量子遗传算法优化神经网络及其在MIMO系统信号检测中的应用研究
Research on Neural Network Optimized by Quantum Genetic Algorithm and Its Application to Signal Detection of MIMO Systems 主 题 词:量子计算;量子遗传算法;神经网络;多输入多输出;正交频分复用;信号检测
Keywords: Quantum Computation; Quantum Genetic Algorithm; Neural Network; MIMO; OFDM; Signal Detection 摘 要
量子信息学是一门新兴的交叉学科,它在信息领域中有着独特的功能,在提高运算速度、确保信息安全、增大信息容量和提高检测精度等方面可突破现有经典信息系统的极限。特别是近年来,基于量子并行计算的量子智能算法有效地降低了一些经典难解算法的计算复杂度。
在目前的通信系统中,低误码率和低计算复杂度是所有检测技术追求的目标。本文正是基于这一目标,设计新型的优化检测算法,以期达到检测性能和计算复杂度的良好折衷。
本文首先研究了量子遗传算法的特性,并利用量子遗传算法种群规模小,收敛速度快的特性来优化传统神经网络,设计了量子遗传算法优化的BP(Back Propagation)网络和RBF(Radial Basis Function)网络,并分别对这两种量子遗传算法优化的神经网络进行性能测试,实验表明,用量子遗传算法优化过的神经网络在网络性能上比传统神经网络有较明显的提高。
其次,将量子遗传算法优化神经网络应用于MIMO系统信号检测。用量子遗传算法优化神经网络检测信号的初始值,提出了基于量子遗传算法优化神经网络的MIMO系统信号检测方案。实验表明,基于量子遗传算法优化神经网络的MIMO检测方案在检测性能上比基于传统神经网络和基于量子遗传算法的MIMO检测方案有较明显的提高。
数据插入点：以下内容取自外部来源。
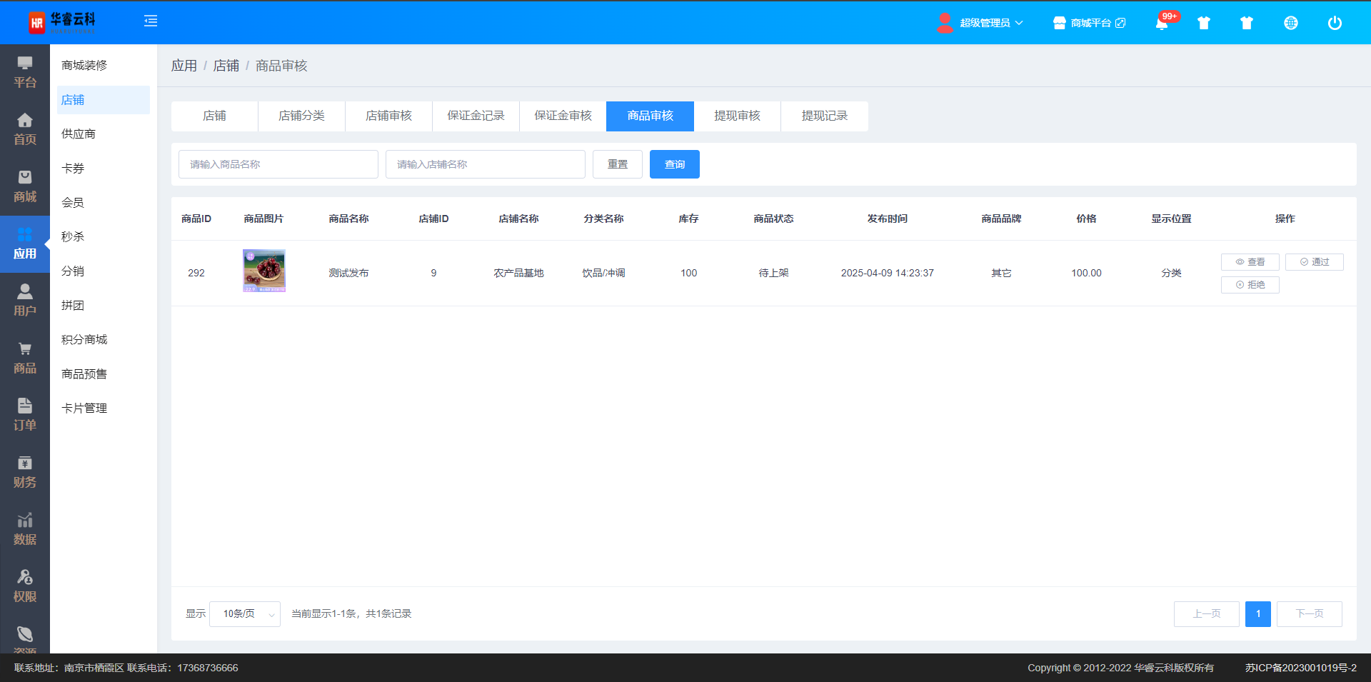 点击【保存】,直接将商品提交审核,状态为审核中,显示在商品管理->待审核商品页面和商城管理平台应用->店铺->商品审核页面,平台审核通过后,状态变为已上架,显示在商品管理->商品列表页面。
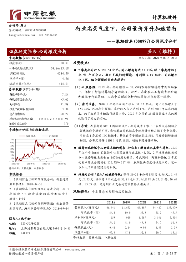 人工智能 服务器市场 浪潮信息 海外业务 财务分析

最后,研究了基于量子遗传算法优化神经网络的MIMO-OFDM系统信号检测,用量子遗传算法优化神经网络检测信号的初始值,提出了一种基于量子遗传算法优化神经网络的MIMO-OFDM系统信号检测方案。实验表明,基于量子遗传算法优化神经网络的MIMO-OFDM检测方案,其检测性能优于基于传统神经网络和基于量子遗传算法的检测方案。
关键词:量子计算;量子遗传算法;神经网络;多输入多输出;正交频分复用;信号检测
ABSTRACT
Quantum information science is a rising cross subject. Due to unique features in the information field, it may break the limitation of classic information system, be currently available in several aspects, namely, speeding computation, ensuring information security, expanding the capacity of information, improving the accuracy of detection. Particularly in recent years, quantum algorithms of intelligence, based on the parallel quantum computation, effectively simplify computation complexity belonging to some classic algorithms which are not easy to solve problem on the background of classic system.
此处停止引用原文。